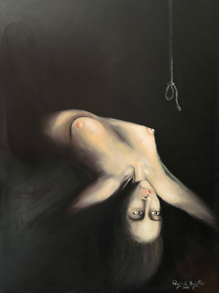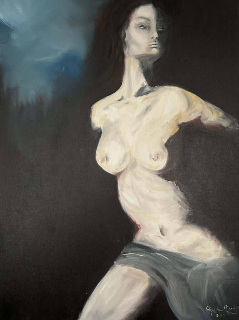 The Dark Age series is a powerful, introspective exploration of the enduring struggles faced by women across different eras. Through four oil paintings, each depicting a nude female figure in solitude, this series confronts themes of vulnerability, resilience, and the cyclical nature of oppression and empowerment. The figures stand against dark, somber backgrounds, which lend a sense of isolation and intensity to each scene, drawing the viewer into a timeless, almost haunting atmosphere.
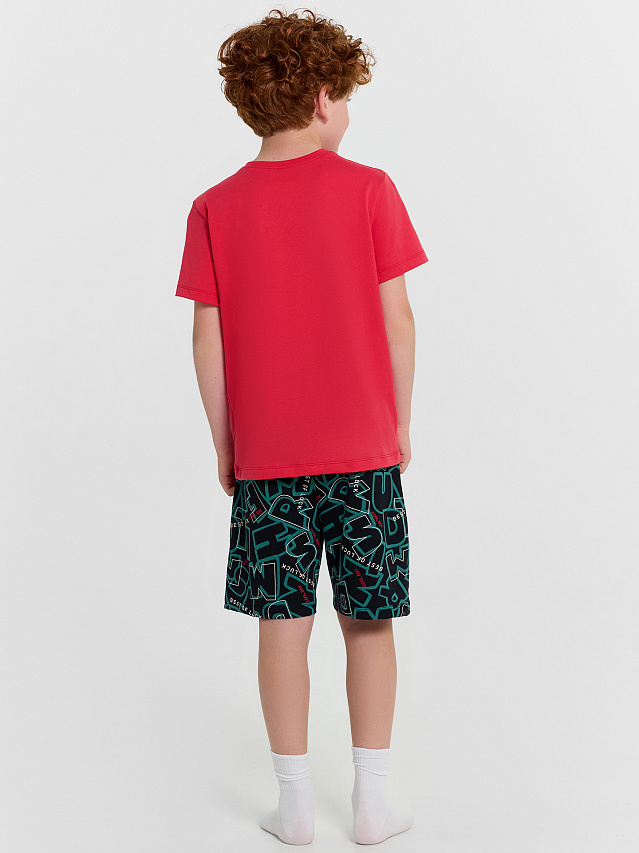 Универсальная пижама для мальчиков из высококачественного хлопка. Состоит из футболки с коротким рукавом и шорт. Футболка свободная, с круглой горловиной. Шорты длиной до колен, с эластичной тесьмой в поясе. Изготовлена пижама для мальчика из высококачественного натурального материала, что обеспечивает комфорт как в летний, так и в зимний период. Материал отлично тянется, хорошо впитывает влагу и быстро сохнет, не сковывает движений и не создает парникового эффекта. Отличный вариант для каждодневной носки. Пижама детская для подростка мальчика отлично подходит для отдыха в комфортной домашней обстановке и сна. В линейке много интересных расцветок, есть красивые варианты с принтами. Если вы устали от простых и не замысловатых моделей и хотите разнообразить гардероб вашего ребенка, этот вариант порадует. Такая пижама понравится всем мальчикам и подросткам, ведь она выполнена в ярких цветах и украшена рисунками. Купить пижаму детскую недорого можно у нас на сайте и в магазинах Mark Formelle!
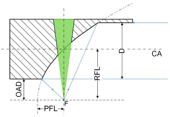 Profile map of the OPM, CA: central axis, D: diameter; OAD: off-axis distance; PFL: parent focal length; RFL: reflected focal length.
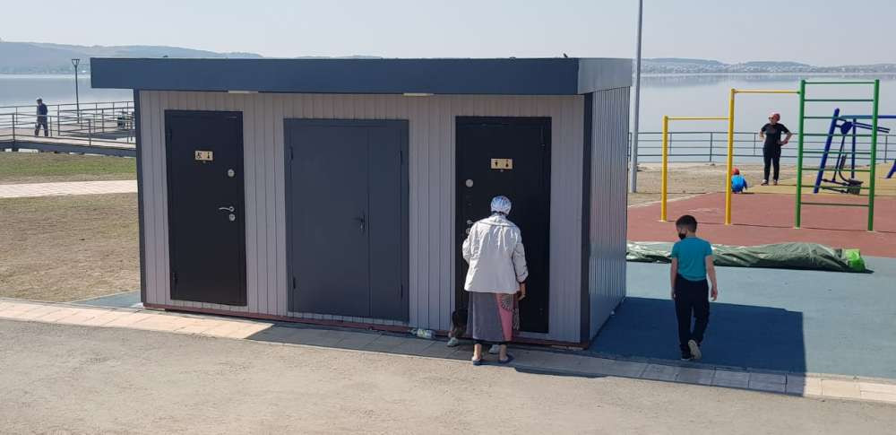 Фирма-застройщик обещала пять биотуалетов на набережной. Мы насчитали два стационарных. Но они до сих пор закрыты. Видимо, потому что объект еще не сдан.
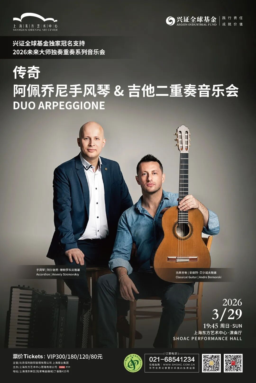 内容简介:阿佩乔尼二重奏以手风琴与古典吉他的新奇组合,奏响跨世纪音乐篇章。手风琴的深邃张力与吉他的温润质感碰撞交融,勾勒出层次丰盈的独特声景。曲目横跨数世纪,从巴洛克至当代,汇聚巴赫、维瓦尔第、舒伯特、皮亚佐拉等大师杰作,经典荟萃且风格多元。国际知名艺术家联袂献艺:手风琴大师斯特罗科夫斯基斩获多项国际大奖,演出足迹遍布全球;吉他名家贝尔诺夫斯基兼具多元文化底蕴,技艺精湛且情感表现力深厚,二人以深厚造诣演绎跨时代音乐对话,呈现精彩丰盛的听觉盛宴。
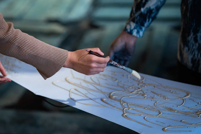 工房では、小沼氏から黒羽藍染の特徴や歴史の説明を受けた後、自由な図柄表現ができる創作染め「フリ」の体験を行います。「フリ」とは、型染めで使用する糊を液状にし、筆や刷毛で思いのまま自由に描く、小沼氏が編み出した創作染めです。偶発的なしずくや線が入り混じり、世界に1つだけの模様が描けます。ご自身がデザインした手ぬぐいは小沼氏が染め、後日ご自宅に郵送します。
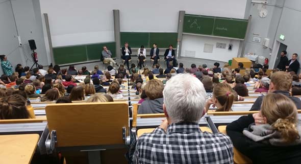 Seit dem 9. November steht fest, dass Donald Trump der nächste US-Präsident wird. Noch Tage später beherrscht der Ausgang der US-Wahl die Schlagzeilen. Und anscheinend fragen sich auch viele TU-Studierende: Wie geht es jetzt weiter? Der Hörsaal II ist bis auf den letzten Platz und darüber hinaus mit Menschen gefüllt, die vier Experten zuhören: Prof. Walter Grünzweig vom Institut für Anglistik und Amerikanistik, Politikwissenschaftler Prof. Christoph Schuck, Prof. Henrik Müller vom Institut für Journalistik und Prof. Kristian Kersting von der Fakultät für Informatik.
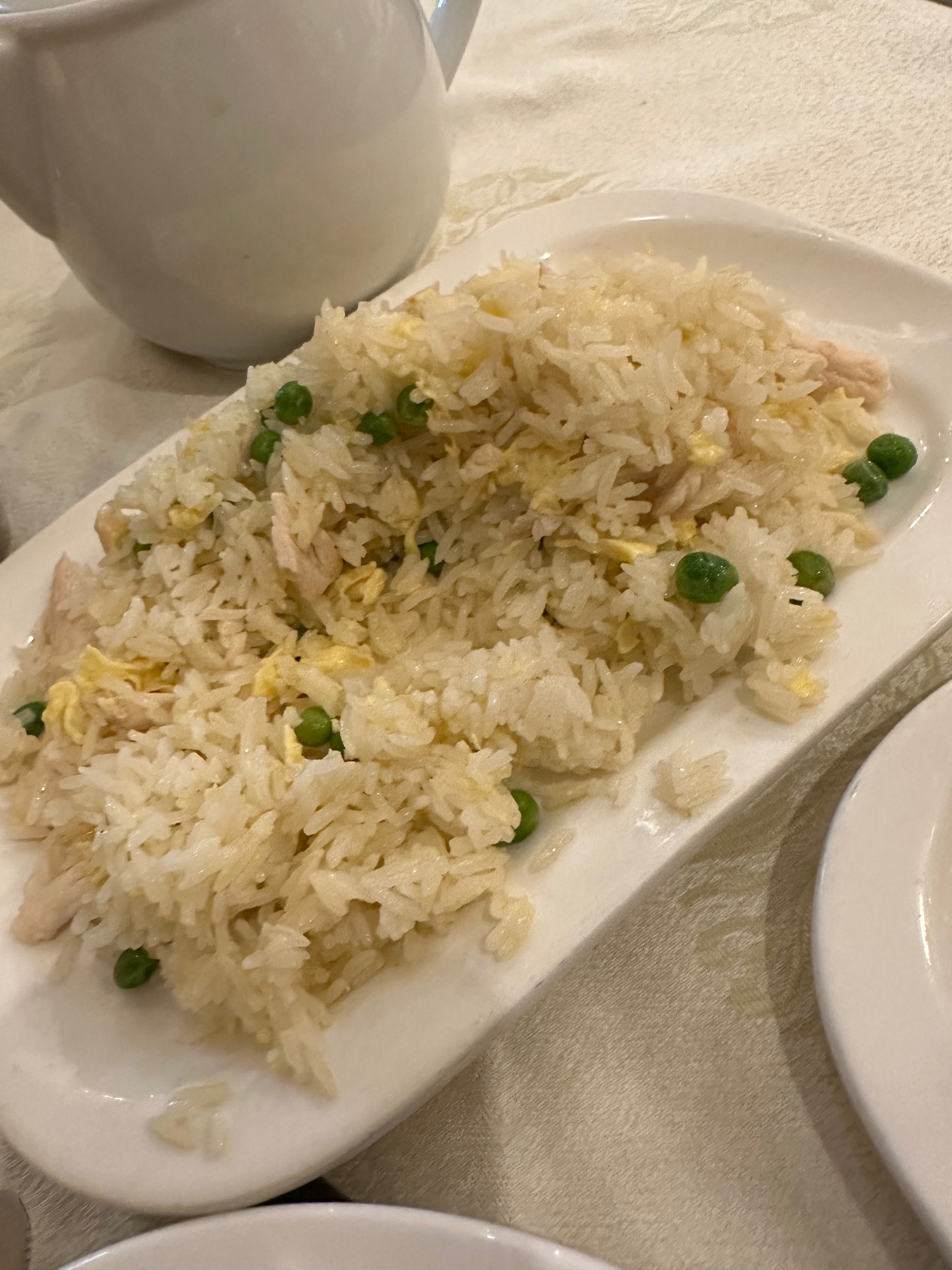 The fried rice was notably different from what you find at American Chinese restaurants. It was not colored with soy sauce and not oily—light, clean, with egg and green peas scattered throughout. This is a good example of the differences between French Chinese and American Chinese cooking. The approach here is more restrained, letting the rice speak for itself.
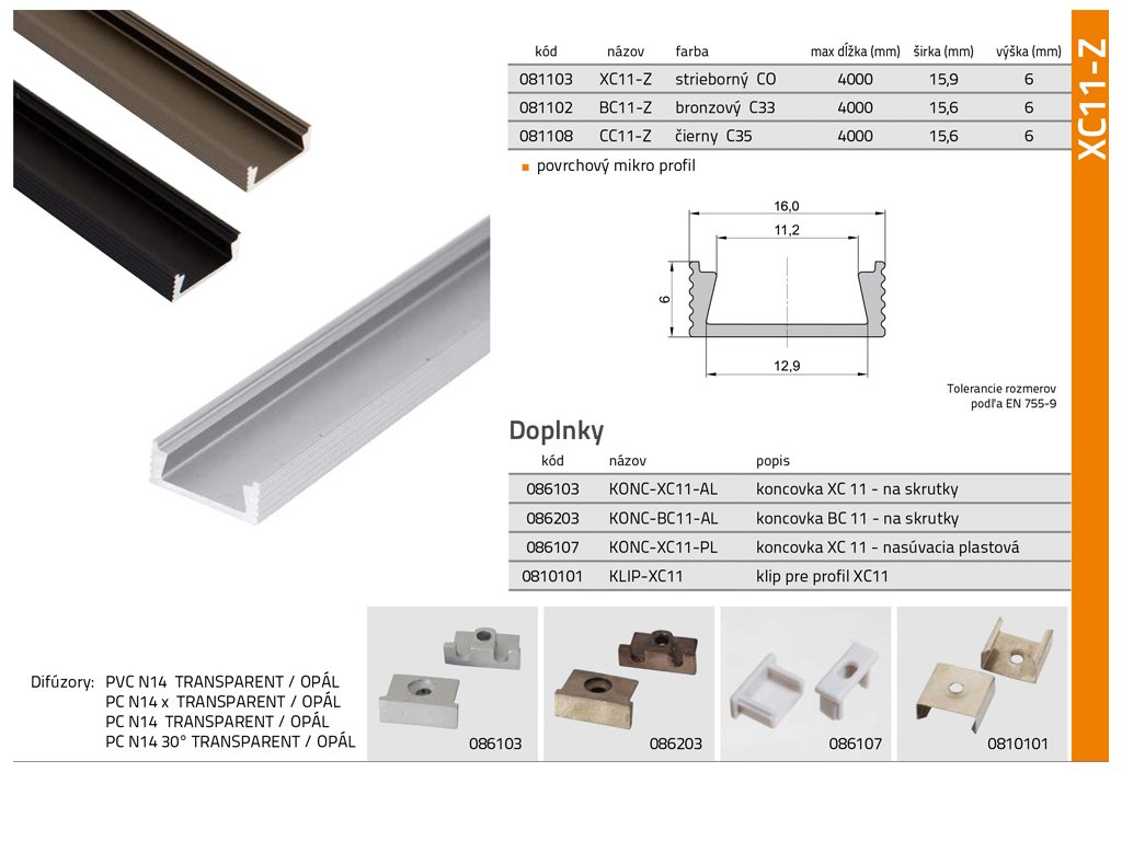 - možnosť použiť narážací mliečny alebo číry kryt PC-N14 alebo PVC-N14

┄┄┄┄┄┄┄┄┄┄┄┄┄┄┄┄┄┄┄┄

**Aim of the task:** Using the entries above, write out exactly the lines from the one with "Profile map of" through the one with "Фирма-застройщик обещала пять", ends included. Leave out any pictures.

**Finished exercise:**
 Profile map of the OPM, CA: central axis, D: diameter; OAD: off-axis distance; PFL: parent focal length; RFL: reflected focal length.
 Фирма-застройщик обещала пять биотуалетов на набережной. Мы насчитали два стационарных. Но они до сих пор закрыты. Видимо, потому что объект еще не сдан.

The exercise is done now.